### Problem requirements:
There is one span to output from the data below: the lines starting at the line with "Los productos de" and ending at the line with "Но вот Людо". Output it exactly, ends included, nothing more.

### Data for this task:
□ □ □ □ □ □ □

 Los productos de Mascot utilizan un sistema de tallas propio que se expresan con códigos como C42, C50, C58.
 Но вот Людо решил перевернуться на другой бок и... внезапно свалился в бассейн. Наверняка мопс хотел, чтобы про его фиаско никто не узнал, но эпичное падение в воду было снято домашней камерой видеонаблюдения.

□ □ □ □ □ □ □

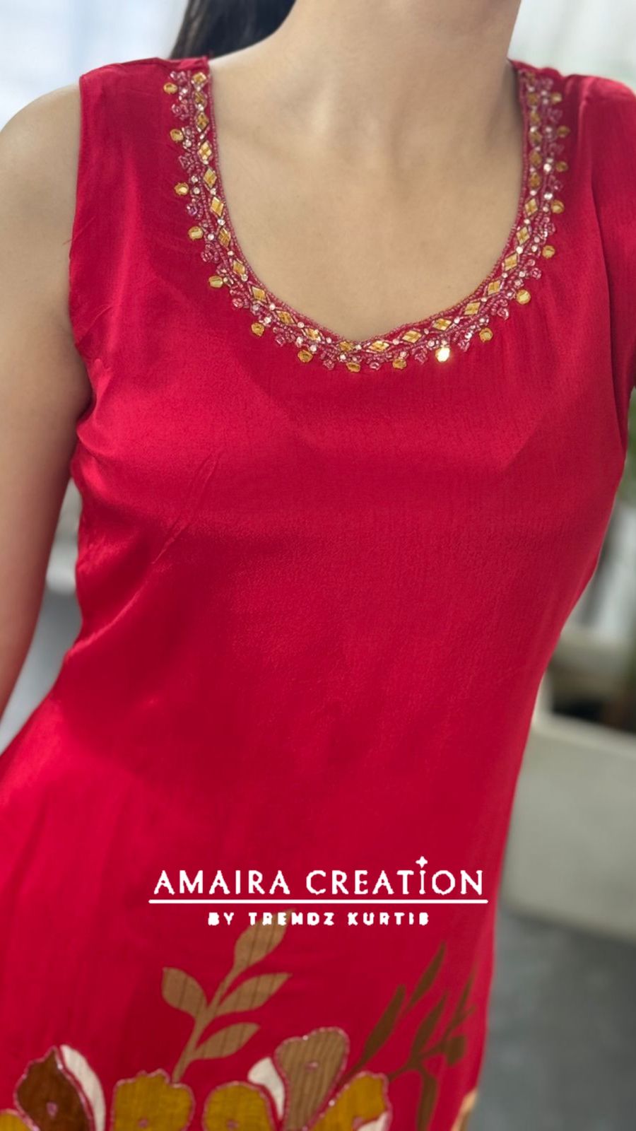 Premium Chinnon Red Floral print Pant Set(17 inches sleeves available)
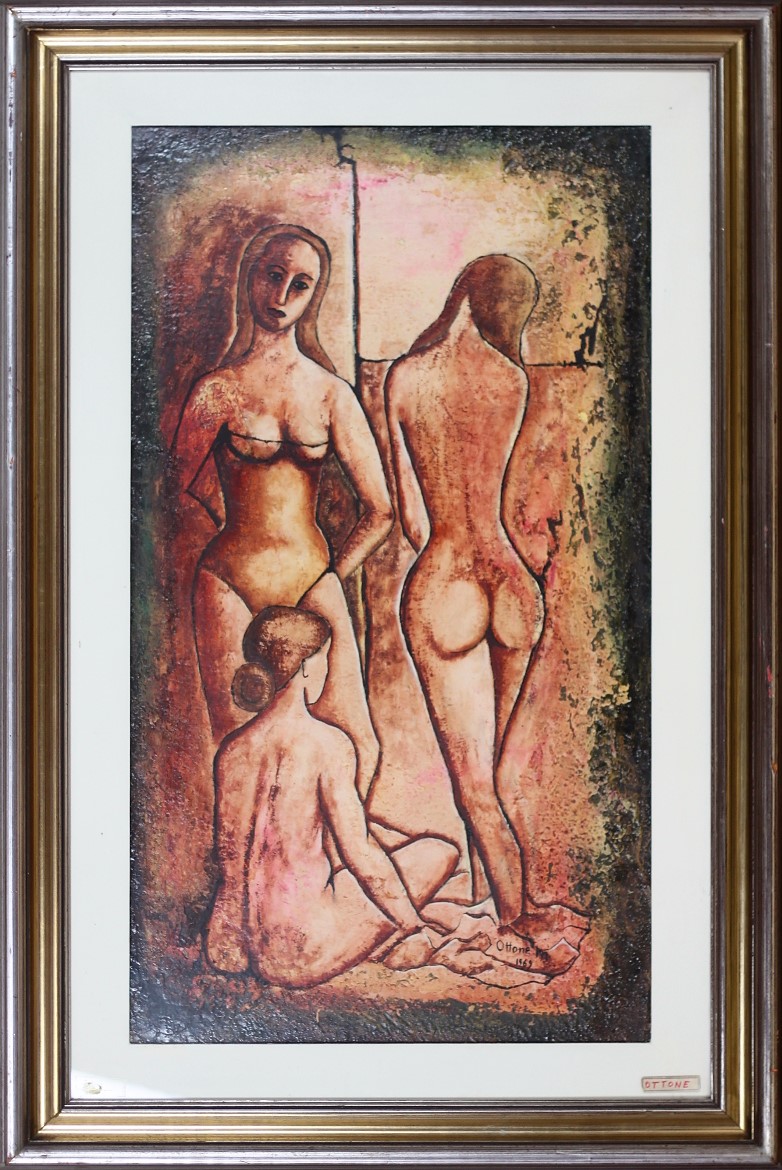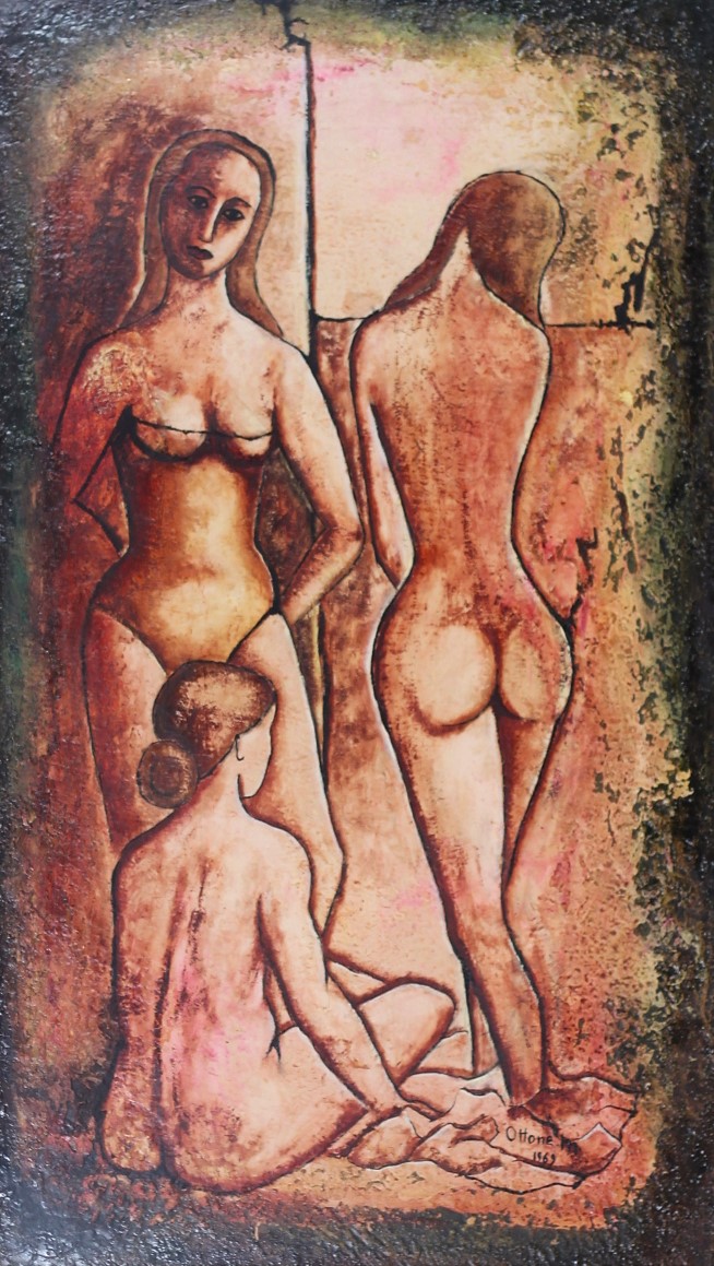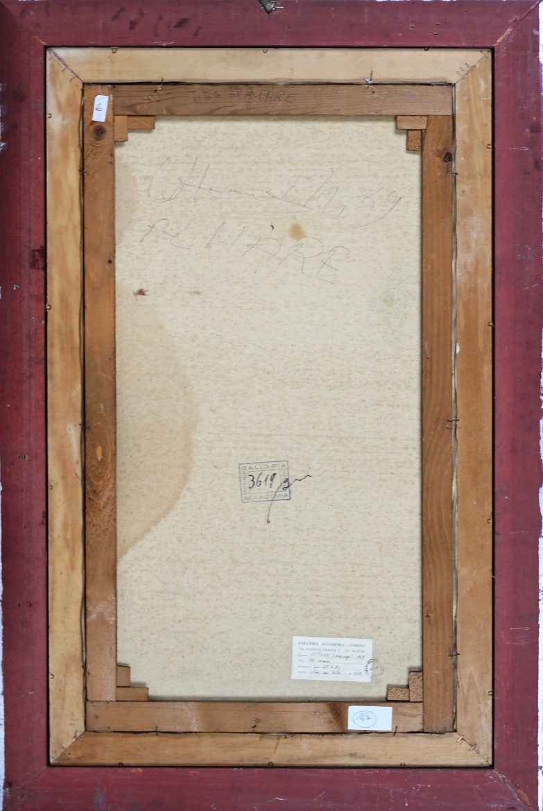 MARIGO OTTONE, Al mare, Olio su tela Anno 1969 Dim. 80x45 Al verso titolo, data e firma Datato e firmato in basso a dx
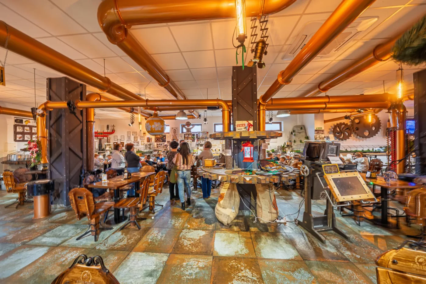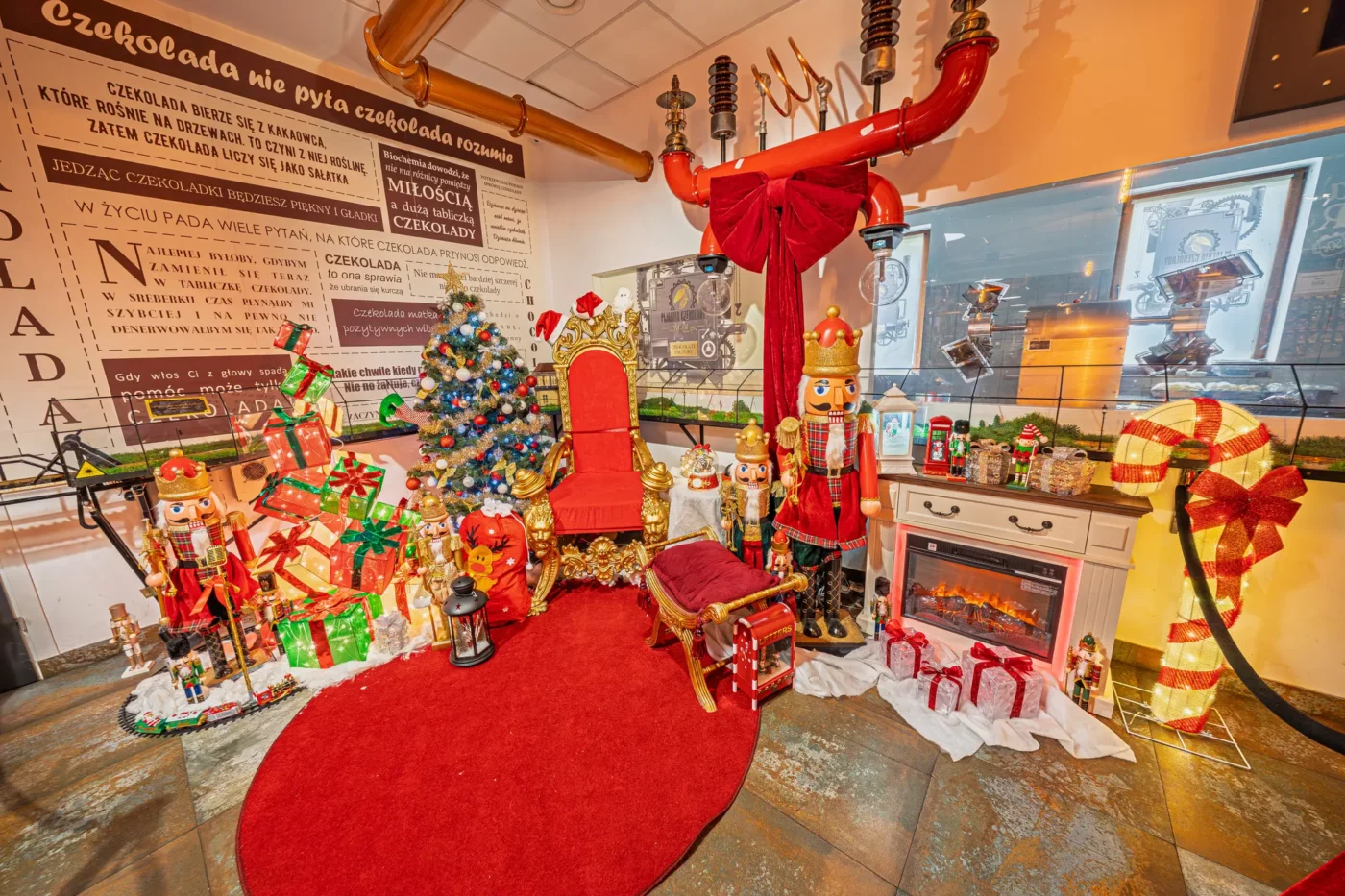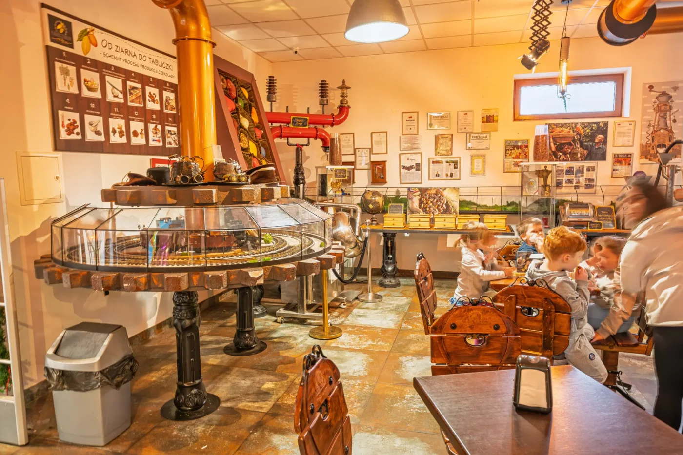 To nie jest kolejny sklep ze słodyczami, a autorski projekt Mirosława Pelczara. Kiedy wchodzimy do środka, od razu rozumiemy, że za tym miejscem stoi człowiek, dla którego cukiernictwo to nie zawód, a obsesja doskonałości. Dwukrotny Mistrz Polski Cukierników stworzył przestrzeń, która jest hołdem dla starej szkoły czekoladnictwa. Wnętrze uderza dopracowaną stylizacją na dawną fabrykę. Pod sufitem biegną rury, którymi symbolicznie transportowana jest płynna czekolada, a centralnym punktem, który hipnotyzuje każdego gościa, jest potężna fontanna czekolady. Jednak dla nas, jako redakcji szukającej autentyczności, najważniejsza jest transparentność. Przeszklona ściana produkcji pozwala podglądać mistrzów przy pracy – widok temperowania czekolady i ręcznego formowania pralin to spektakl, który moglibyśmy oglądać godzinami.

□ □ □ □ □ □ □

### Result:
 Los productos de Mascot utilizan un sistema de tallas propio que se expresan con códigos como C42, C50, C58.
 Но вот Людо решил перевернуться на другой бок и... внезапно свалился в бассейн. Наверняка мопс хотел, чтобы про его фиаско никто не узнал, но эпичное падение в воду было снято домашней камерой видеонаблюдения.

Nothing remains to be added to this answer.